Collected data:
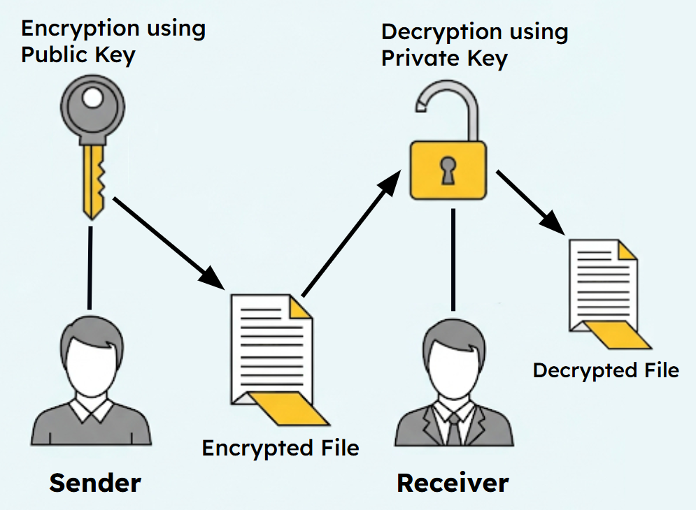 Consider a practical scenario: you want to send sensitive financial documents to your accountant. Your accountant generates a key pair and emails you their public key (this email doesn't need to be secure since public keys are meant to be shared). You use their public key to encrypt your financial documents. Even if someone intercepts the encrypted files during email transmission, they can't read the contents because only your accountant's private key can decrypt them.
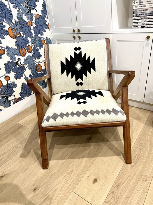 Fotel boho drewniany tapicerowany
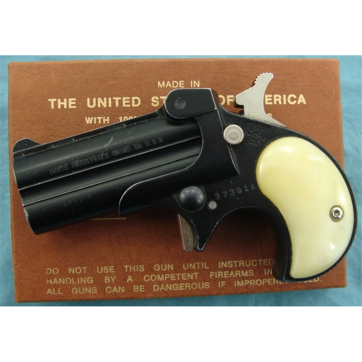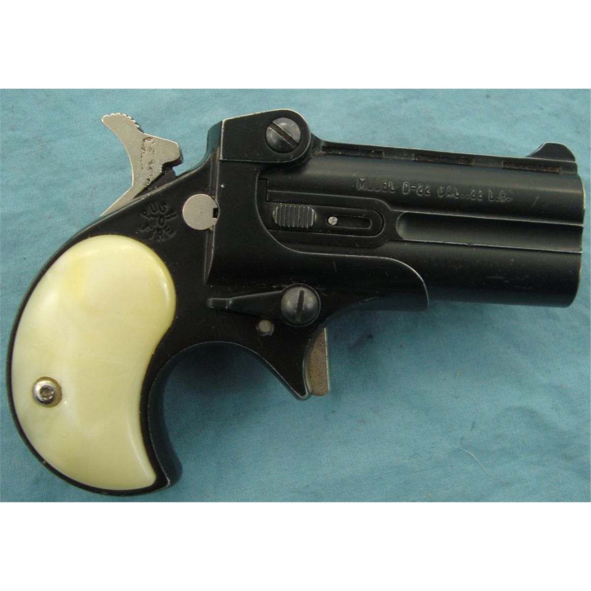 #373914; 22 LR. Model D-22. Blued metal w/mother of pearl style grips. In good lightly used condition w/original box.
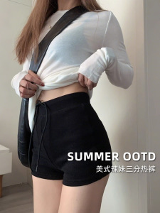 女性用スポーツショーツ、夏用薄手プラスファットプラスサイズ、太mmヒップカバースリムフィットホットパンツ、アウトドア3点カジュアルパンツ
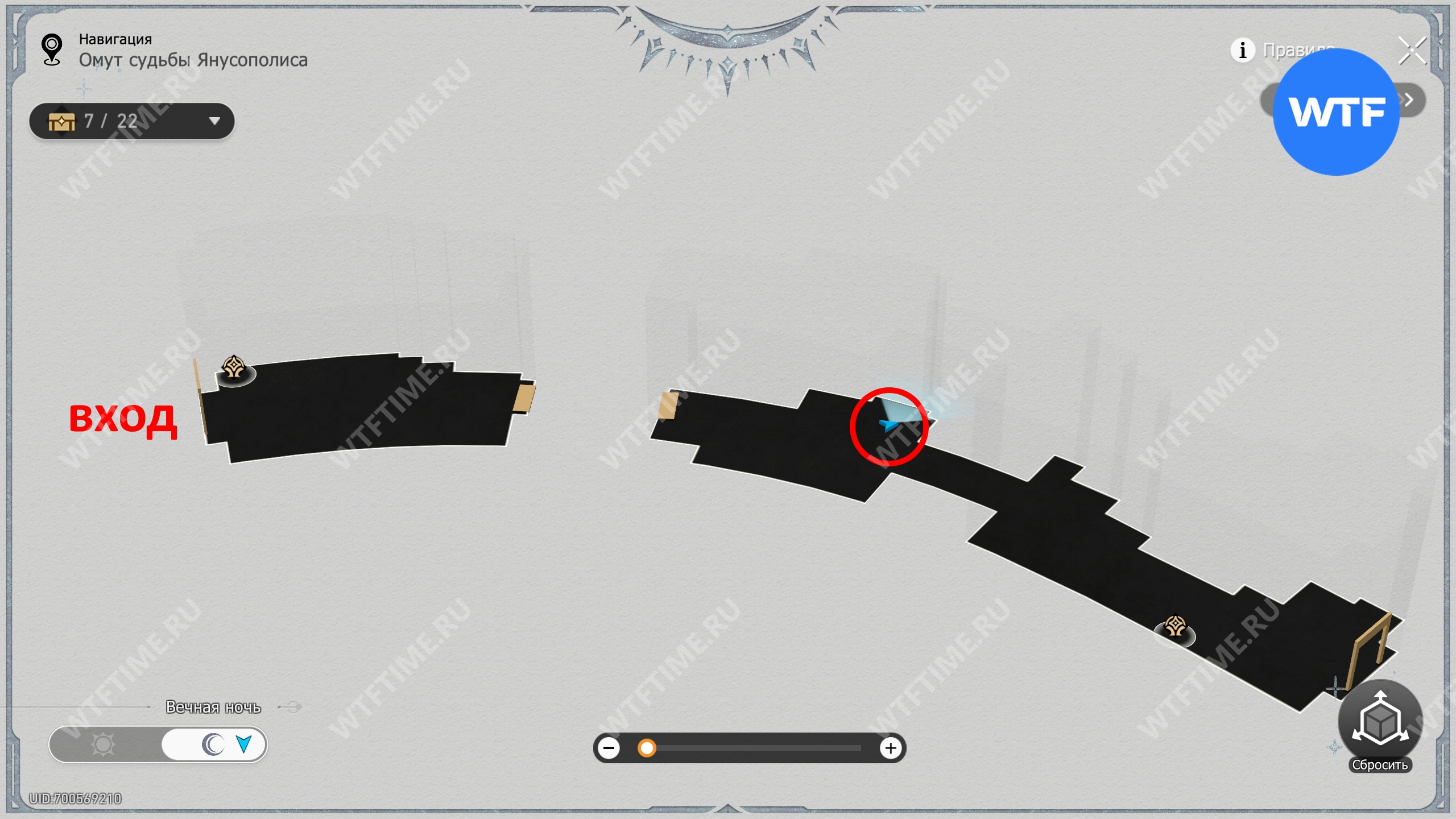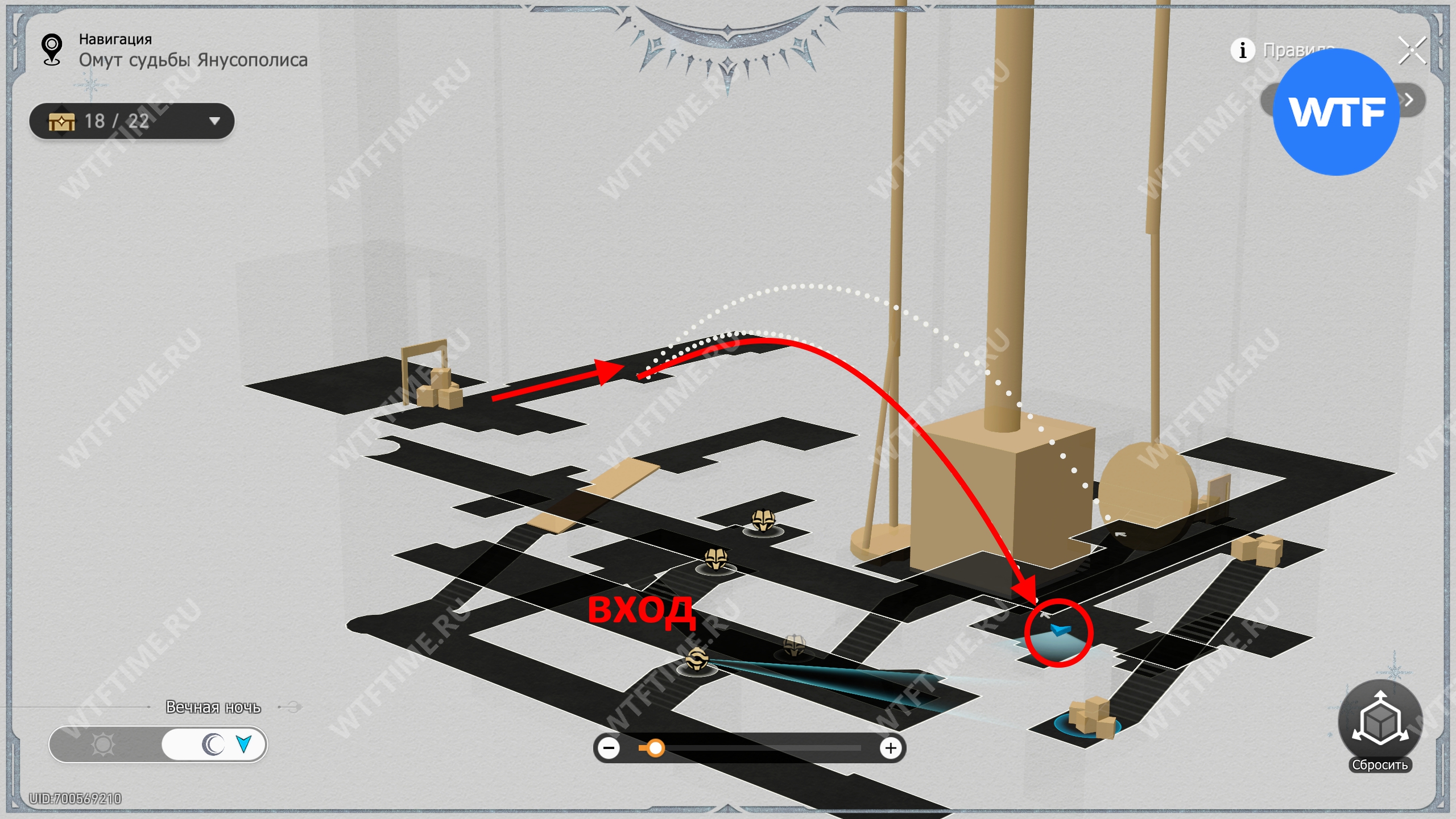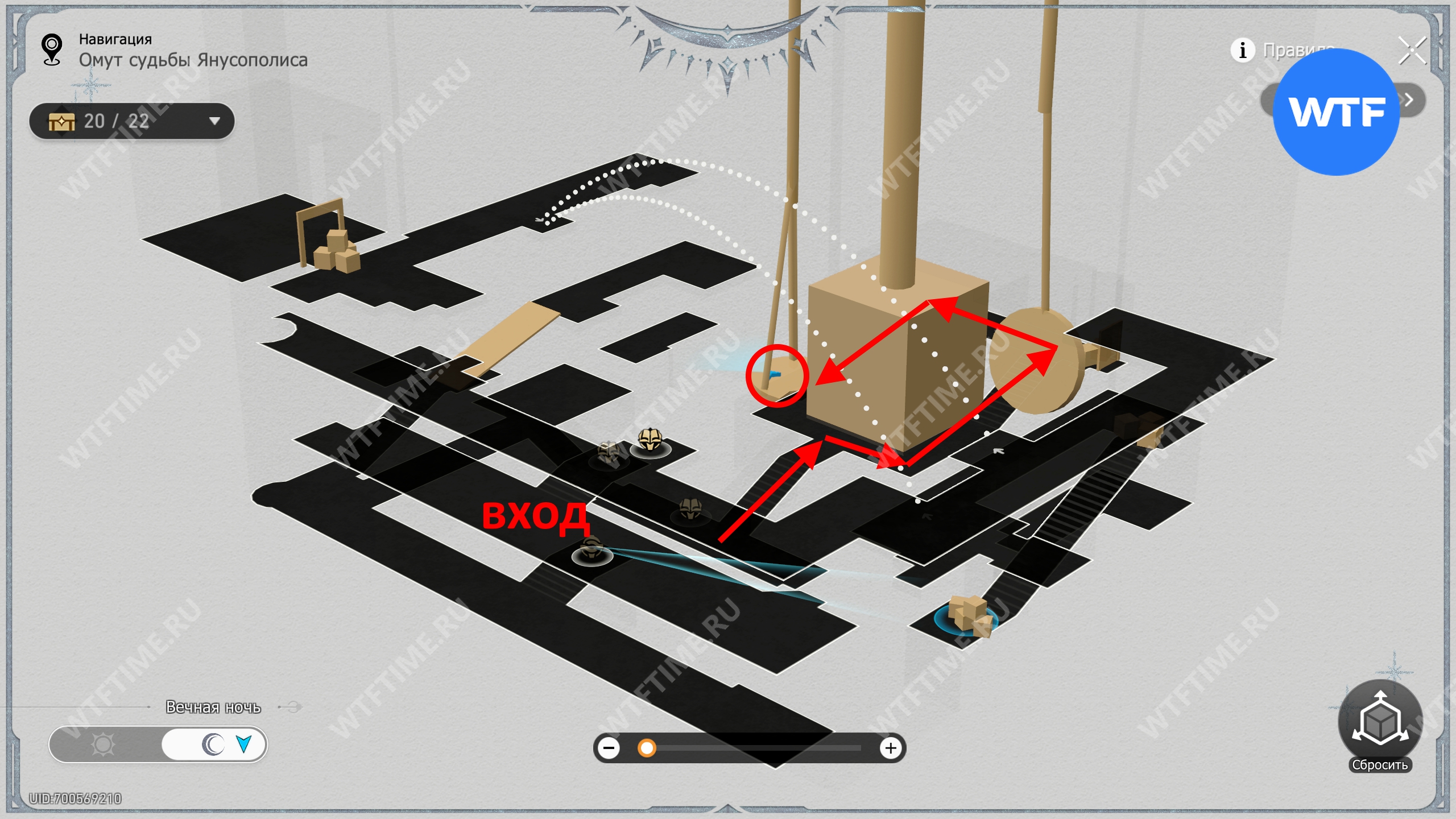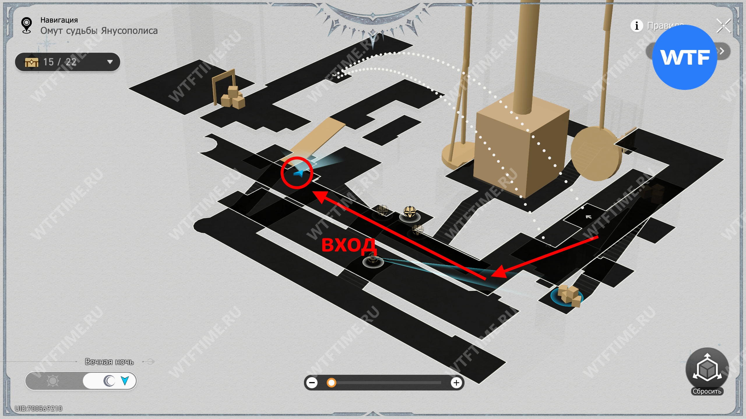 Вы окажетесь возле пространственного якоря «Гробница прерванного сна», а золотое руно отпущения будет прямо перед вами. Чтобы пройти это испытание, двигайтесь следующим образом:
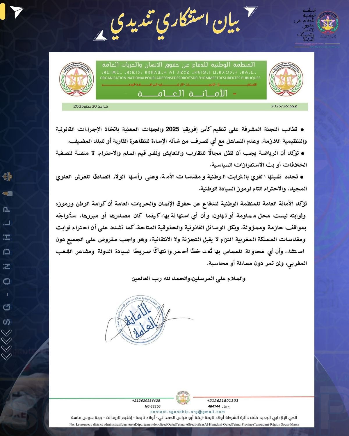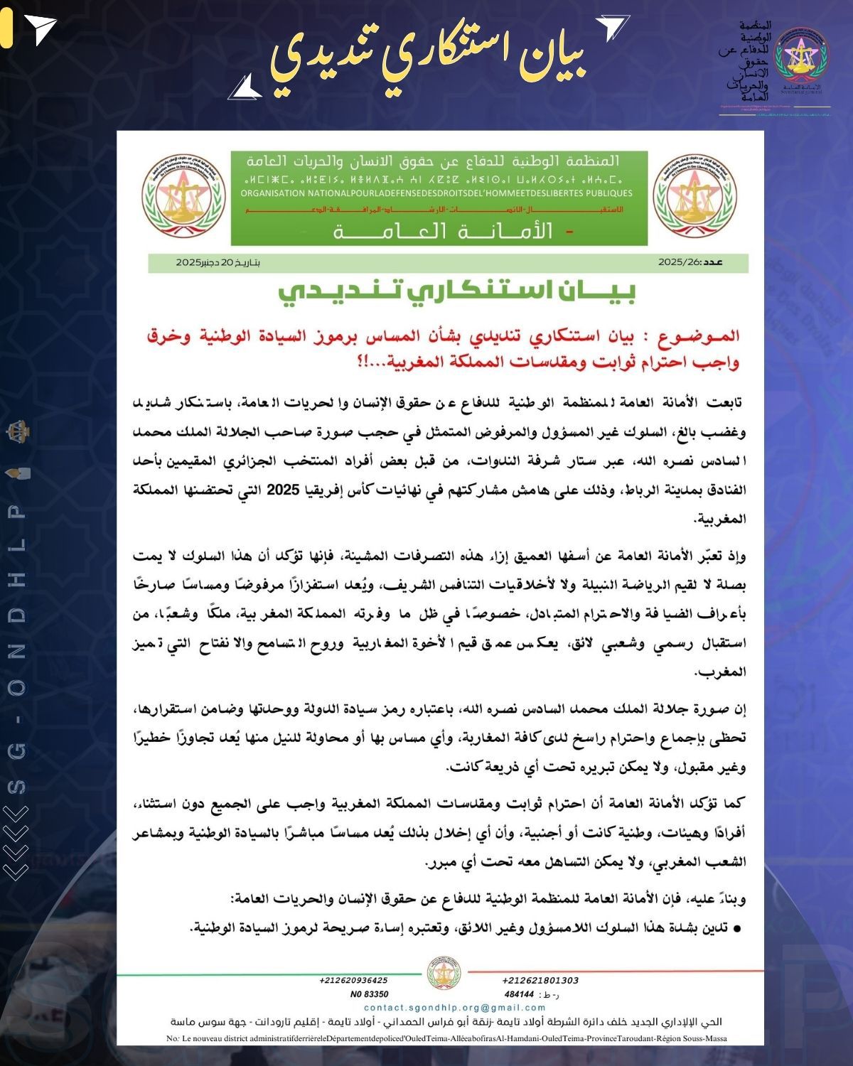 تتابع الأمانة العامة للمنظمة الوطنية للدفاع عن حقوق الإنسان والحريات العامة باستنكار شديد السلوك غير المسؤول المتمثل في المساس برموز السيادة الوطنية، وذلك على هامش بعض التظاهرات الرياضية التي تحتضنها المملكة المغربية.
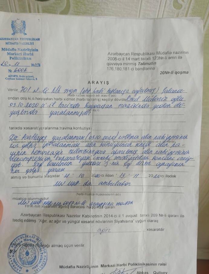 “Sənədlərdə nədənsə oktyabrın 3-də yaralandığım yazılıb. Sağ tərəfdən başımdan və qolumdan yaralanmışdım. Əvvəl Naftalanda xəstəxanada yatdım, əməliyyat etdilər. Sonra oktyabrın 9-dan 18-nə qədər Yevlax xəstəxanasında oldum. Ardınca Kürdəmirə göndərdilər. Axırda “Papanin” hospitalında bütün müayinələri elədilər. Dedilər ki, gözünüzdə böyük problem var, harada olsanız, sizi nəzarətdə saxlayacağıq. Mənə 30 günlük məzuniyyət verdilər”.
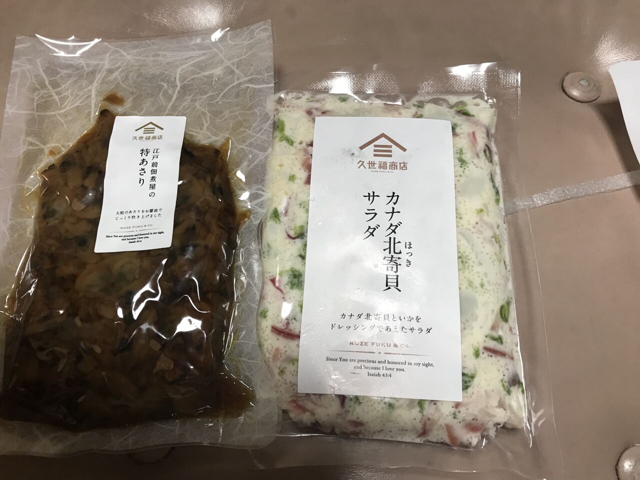 アサリの佃煮とカナダ 北寄貝サラダです。ペガサートでの会議の帰りに、セノバの地下で買いました。
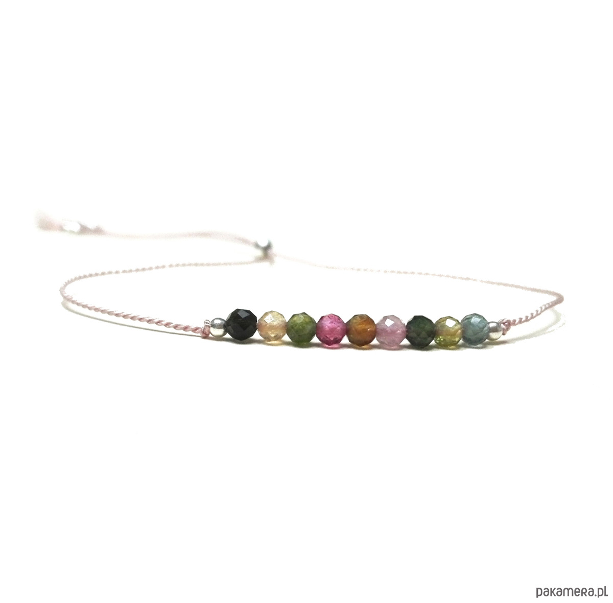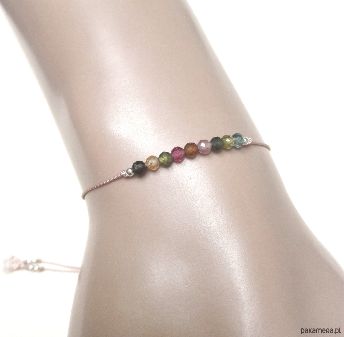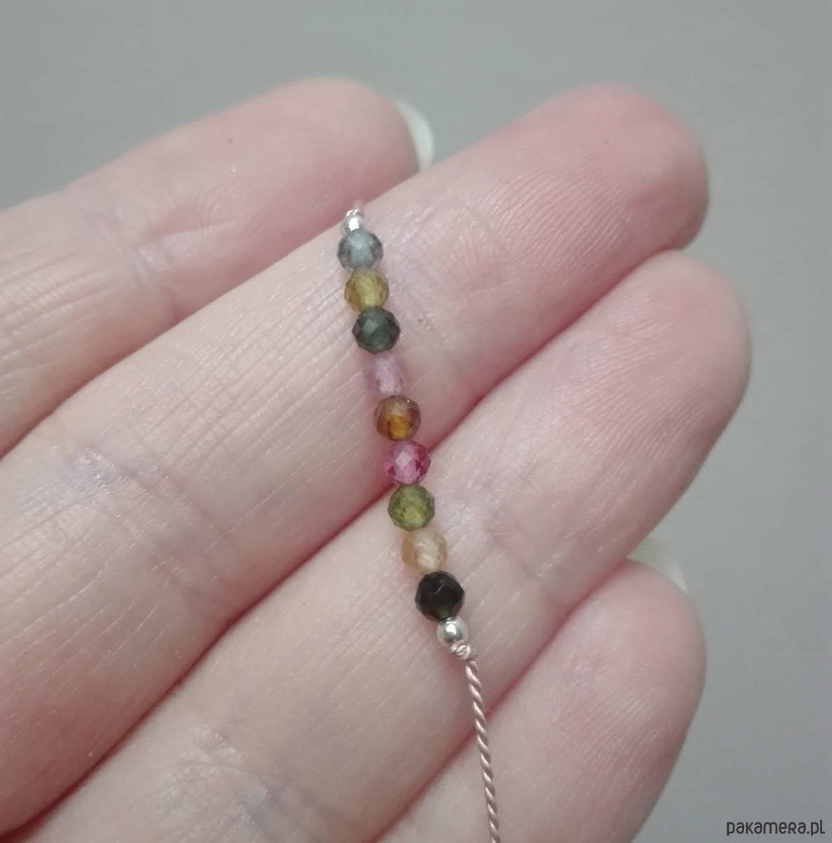Delikatna i bardzo lekka, minimalistyczna bransoletka z naturalnego kolorowego turmalinu (fasetowane koraliki ok. 2.5 mm) idealna do noszenia samodzielnie lub z innymi ulubionymi.

* What you have to do
Write out, exactly as they stand, the line with "تتابع الأمانة العامة" and every line after it through the end of the entries above; omit the pictures.

* Answer
 تتابع الأمانة العامة للمنظمة الوطنية للدفاع عن حقوق الإنسان والحريات العامة باستنكار شديد السلوك غير المسؤول المتمثل في المساس برموز السيادة الوطنية، وذلك على هامش بعض التظاهرات الرياضية التي تحتضنها المملكة المغربية.
 “Sənədlərdə nədənsə oktyabrın 3-də yaralandığım yazılıb. Sağ tərəfdən başımdan və qolumdan yaralanmışdım. Əvvəl Naftalanda xəstəxanada yatdım, əməliyyat etdilər. Sonra oktyabrın 9-dan 18-nə qədər Yevlax xəstəxanasında oldum. Ardınca Kürdəmirə göndərdilər. Axırda “Papanin” hospitalında bütün müayinələri elədilər. Dedilər ki, gözünüzdə böyük problem var, harada olsanız, sizi nəzarətdə saxlayacağıq. Mənə 30 günlük məzuniyyət verdilər”.
 アサリの佃煮とカナダ 北寄貝サラダです。ペガサートでの会議の帰りに、セノバの地下で買いました。
Delikatna i bardzo lekka, minimalistyczna bransoletka z naturalnego kolorowego turmalinu (fasetowane koraliki ok. 2.5 mm) idealna do noszenia samodzielnie lub z innymi ulubionymi.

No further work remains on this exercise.